Abstract

Water-gas shift reaction (WGSR) is an industrialized chemical process with numerous applications in CO removal, H2 generation and coupled in energy storage and reforming reactions involving hydrocarbons, alcohols and Fisher-Tropsch synthesis (FTS). The challenge of WGSR has been the lack of highly active and stable catalyst at low operational temperatures because conventional Cu-Zn and Co-Mo based catalysts suffer quick activity loss under working conditions. Au and AuM (M=Ni, Cu, Pt) alloy nanoparticles supported on layered double hydroxides (LDHs) were prepared and characterized in terms of their structural, morphological and chemical properties. It was found that the incorporation of Au significantly enhances the catalytic activity of LDHs for WGSR at temperatures of practical catalytic relevance (450–550 K) and the performance can be further engineered via tuning the geometrical environment of Au by alloying with a 2nd metal (Ni, Cu and Pt). Temperature programmed reduction (TPR) and Au dispersion experiments suggest that the addition of AuM modulates the redox circle at the metal/LDHs interface with Au2Cu1 yielding the highest turnover frequency (TOF). In-situ DRIFTS captures the evolution of surface reactive species and suggests a reaction pathway via the formation of formate (HCOO*).

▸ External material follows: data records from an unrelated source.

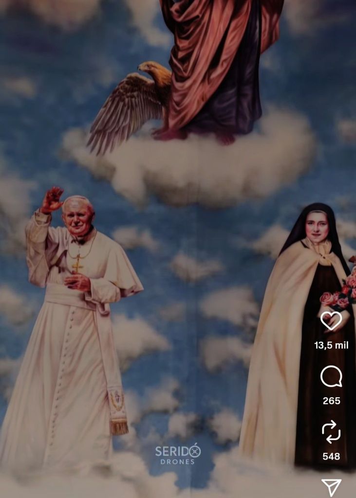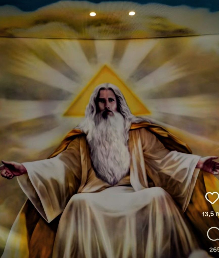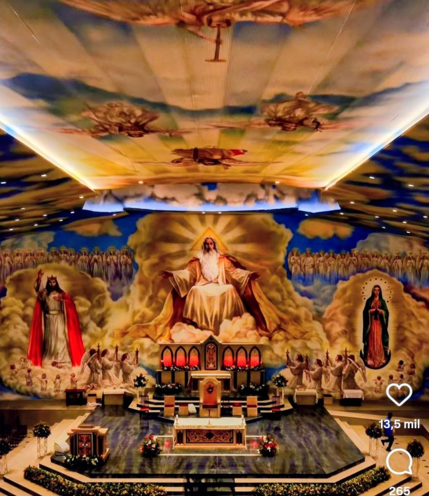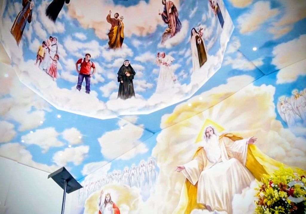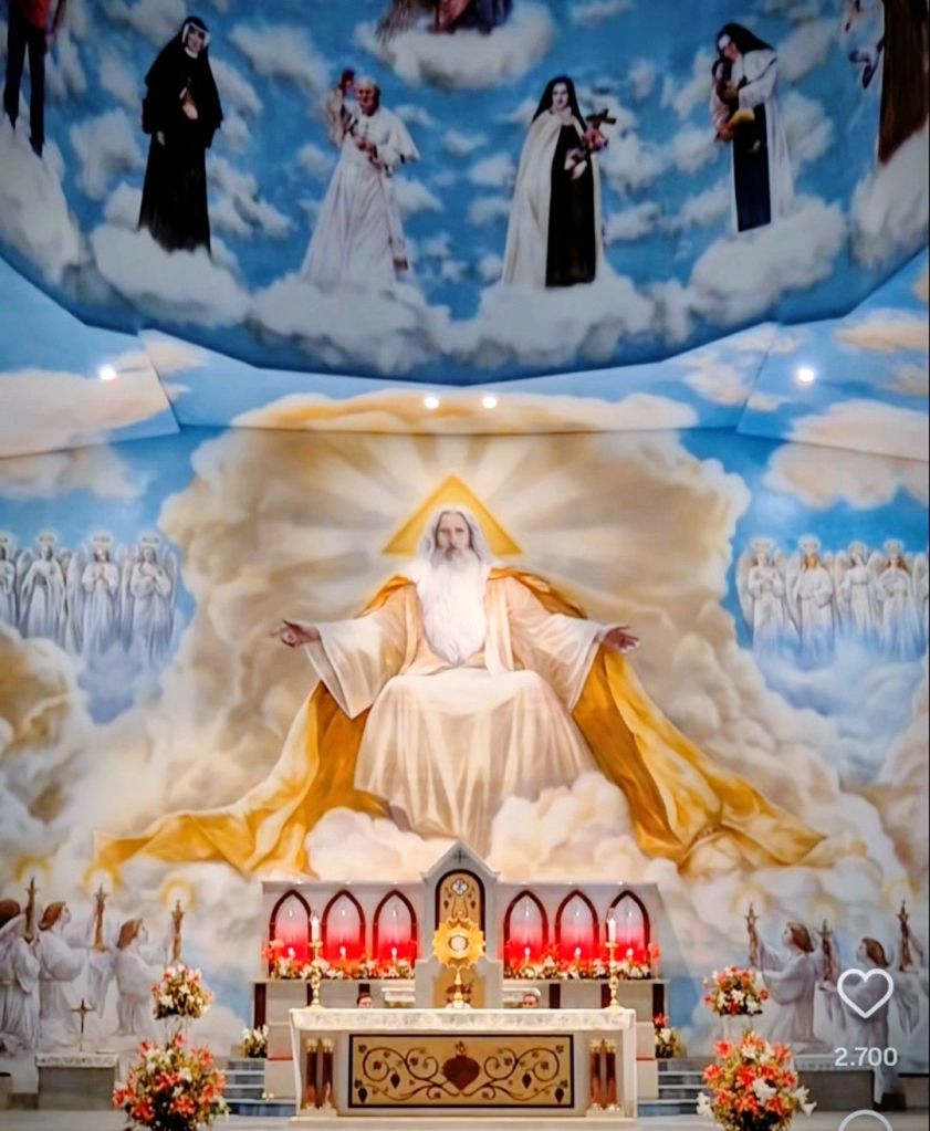 Ninguém viu a Deus, diz o Novo Testamento. O Pai não deve ser representado em forma humana. Ele não é humano. Embora a humanidade seja feita em sua imagem e semelhança não devemos representá-lo. Além do pecado de representar Deus O Pai também colocaram todos os santos mais famosos ao redor inclusive o santo de calça jeans Carlos Acutis, reforçando a mentira da imortalidade da alma e a mentira da intercessão dos santos mortos.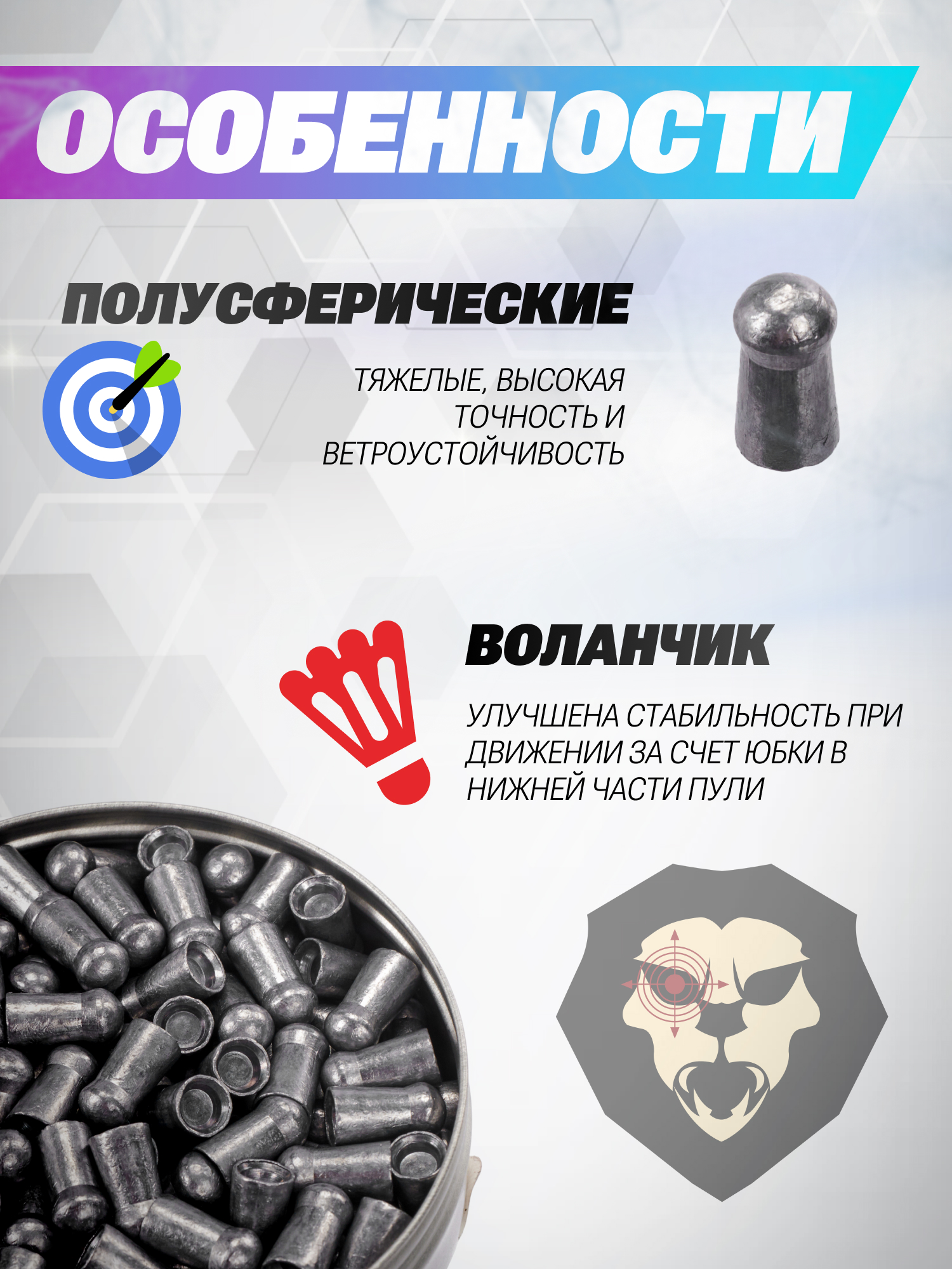 Представленные пули .22 калибра изготавливаются с применением отборного свинца и имеют вид воланчика. Продуманное распределение центра тяжести, а также полусферический тип головки непосредственно сказывается на баллистических параметрах. Заряды обладают отличной обтекаемостью и минимально отклоняются от траектории полета, что гарантирует получение желаемого результата при работе по отдаленным мишеням.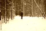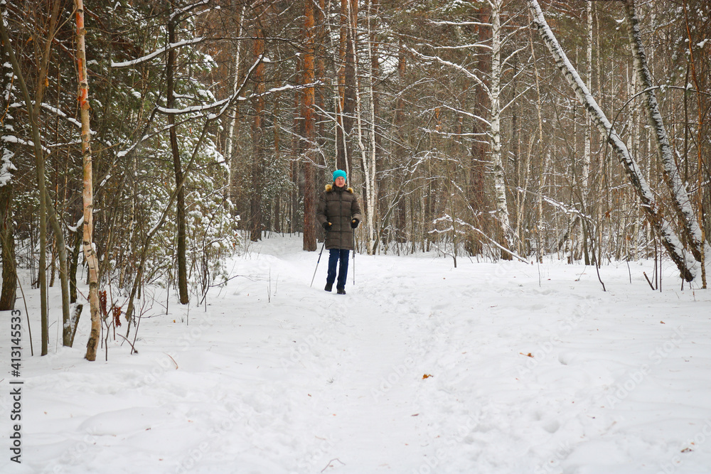 Woman goes in for winter sports - nordic walking, walks with sticks through a snowy forest. Active people in nature.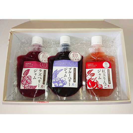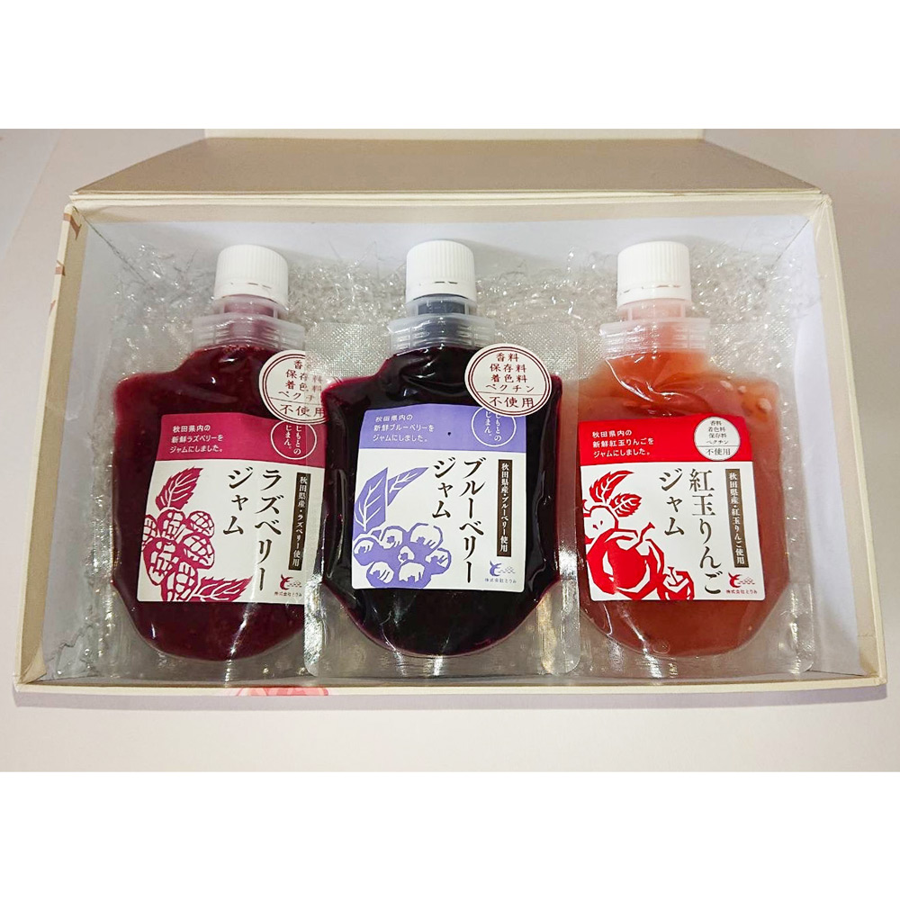 秋田の自然の恵みを受けて育ったブルーベリー・ラズベリー・紅玉リンゴを使った、とりみファーム特製のフルーツジャムです。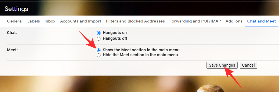 大菜单打开后,转到“聊天和见面”选项卡。最后,通过选择“在主菜单中显示会议部分”,确保主菜单上显示“会议”选项卡。点击“保存更改”并让 Gmail 重新加载。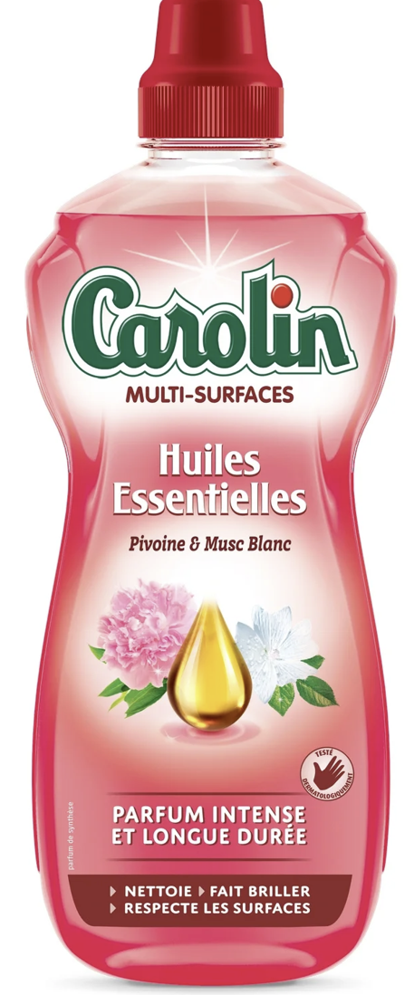 C2517/1 CAROLIN NETTOYANT MÉNAGER MULTI-SURFACES PARFUM HUILES ESSENTIELLES PIVOINE MUSC BLANC 1L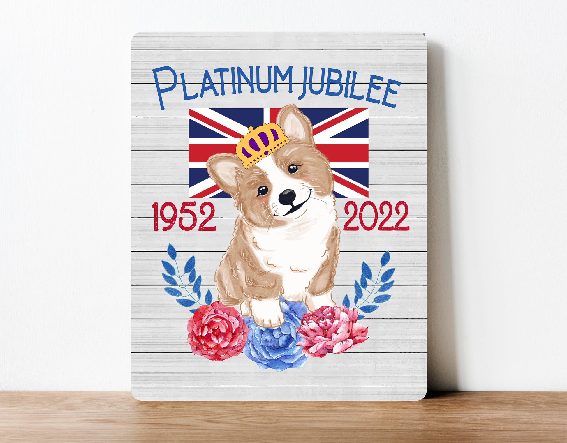 Platinum Jubilee Queen Elizabeth Corgi Dog Metal Sign Plaque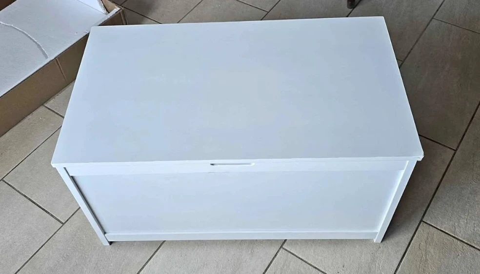 This Child Craft Harmony toy box is 33 inches wide and made of wood with a matte white finish. It features 2 safety hinges for a soft close and a standard ventilation hole on the back. Plenty of space with 6 cubic feet of storage.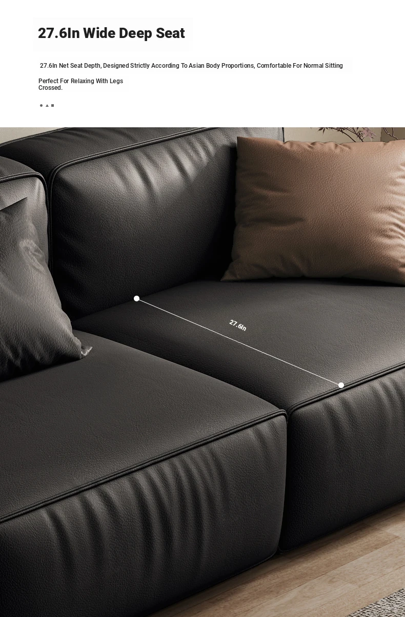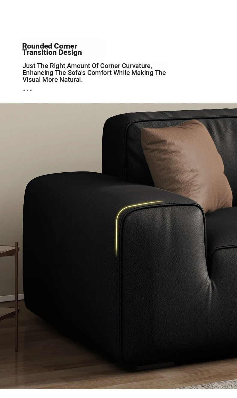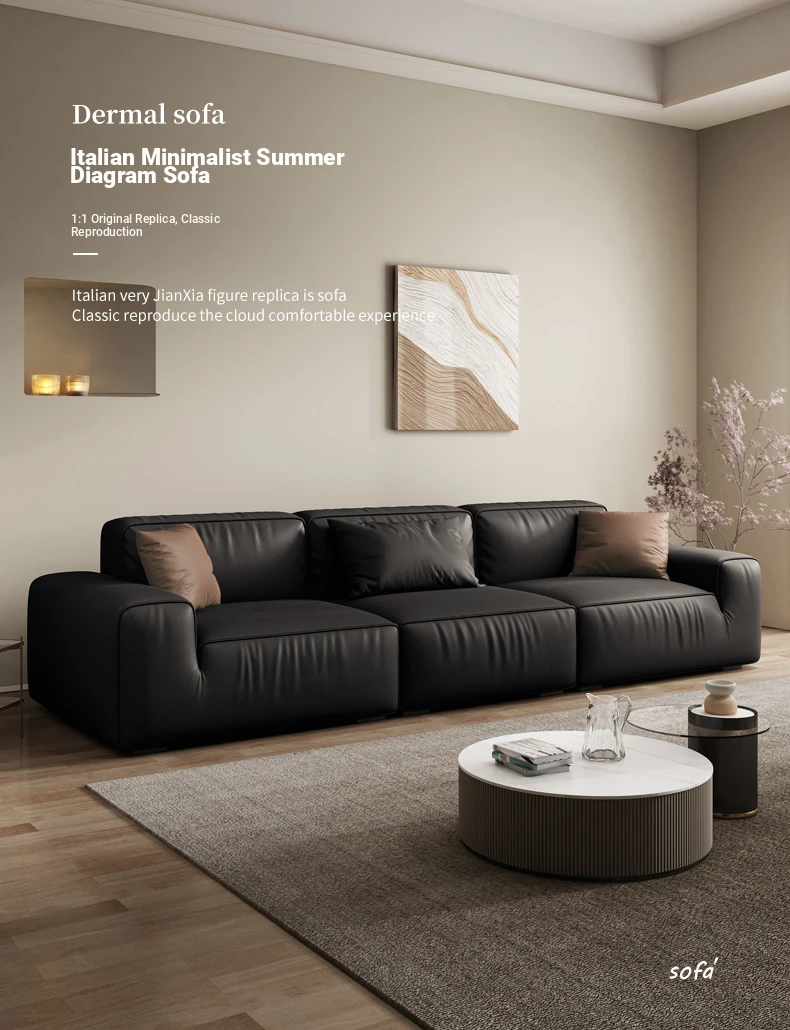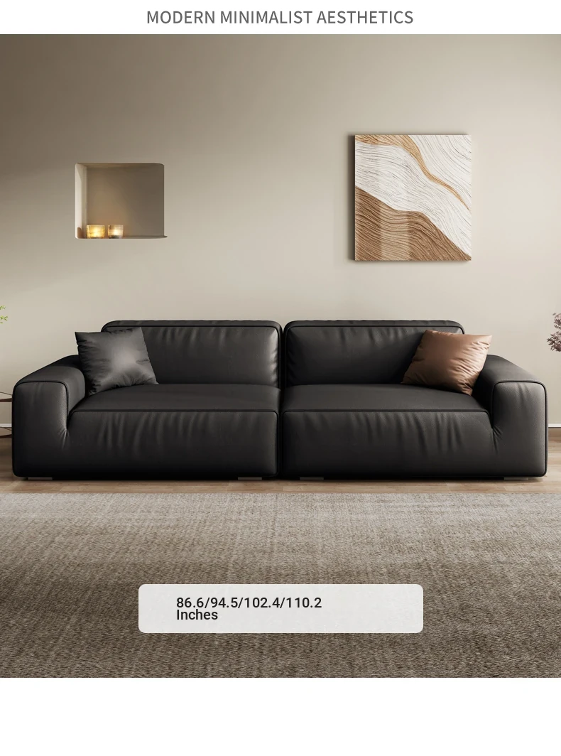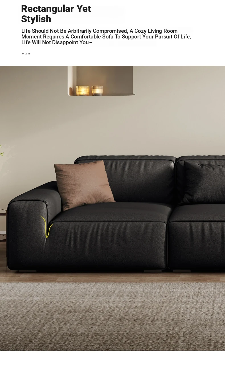 Italian Minimalist Genuine Leather Sofa - Luxurious Top-Grain Cowhide Living Room Couch in Black - Chic Tofu-Block Design for a Modern Touch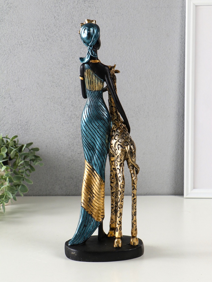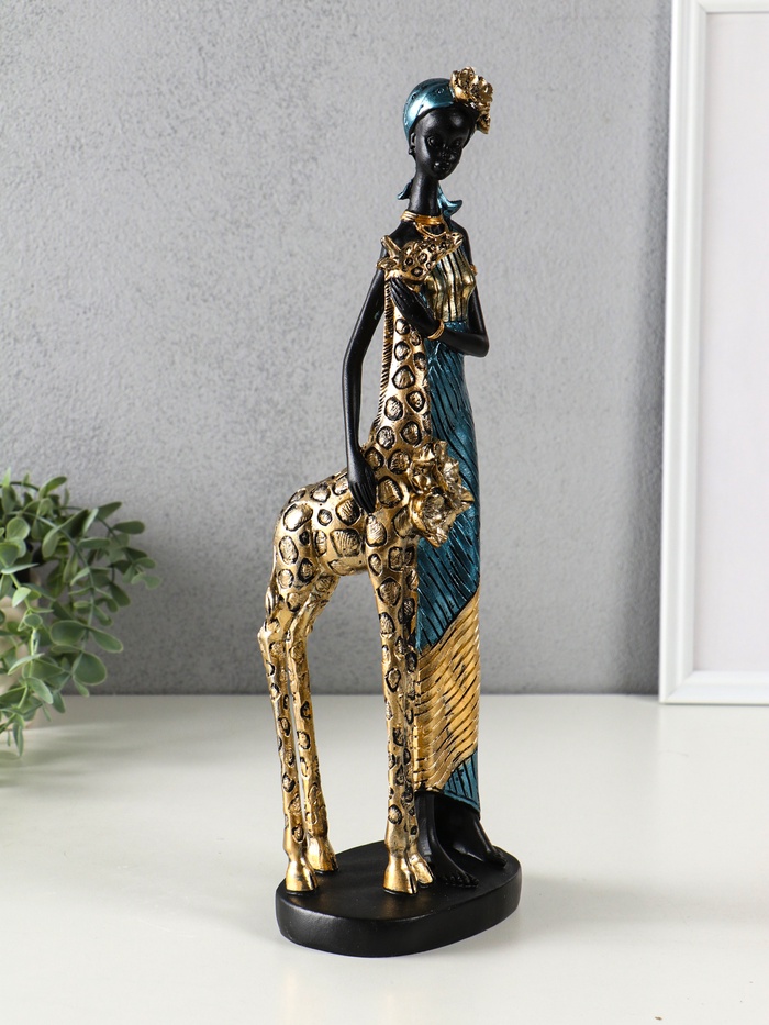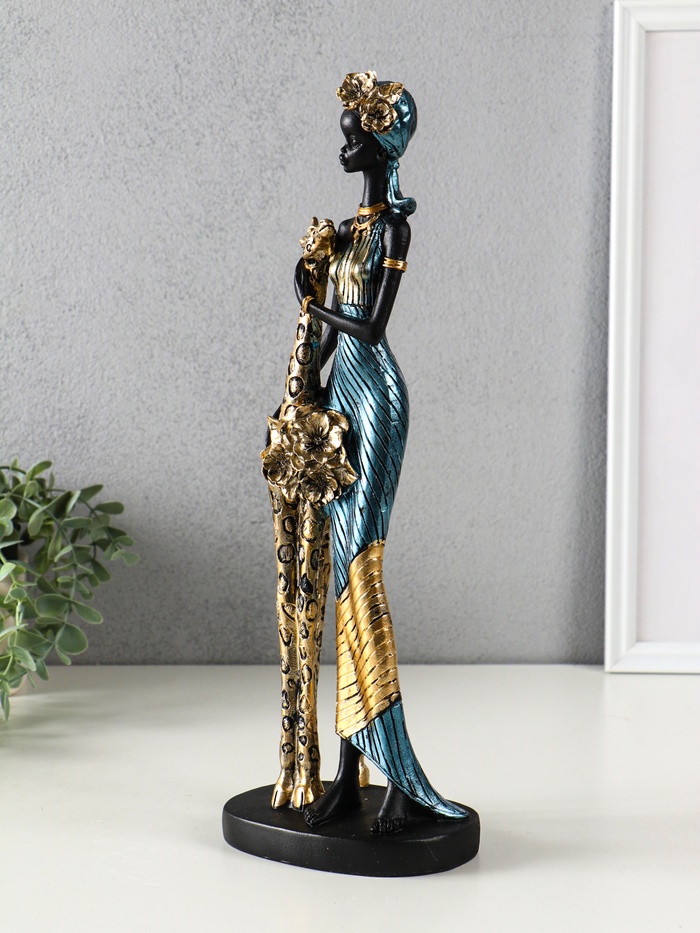 Эта скульптура африканской женщины в платье с жирафом станет ярким акцентом, наполняющим пространство энергией сафари и духом авантюры. Её динамичный силуэт и сложная ручная роспись создают ощущение движения и жизни, превращая интерьер в уникальное арт-пространство.

While the formate route dominates the AuM/LDHs catalyzed WGSR, the redox mechanism can also be activated by bypassing a direct *O-H bond breakage step that requires prohibitively high activation energy. Consistent results were obtained in our DFT calculations, where the AuM/LDHs catalysts were found facilitating the WGSR reaction by preferentially mediating a formate pathway. Our combinative theoretical and experimental study suggests that LDHs is a family of promising low-cost, stable and highly active supporting materials for practical heterogeneous catalysis and demonstrates a strategic way to understand and engineer the fundamentals of a reaction that benefits the whole chemical transformation.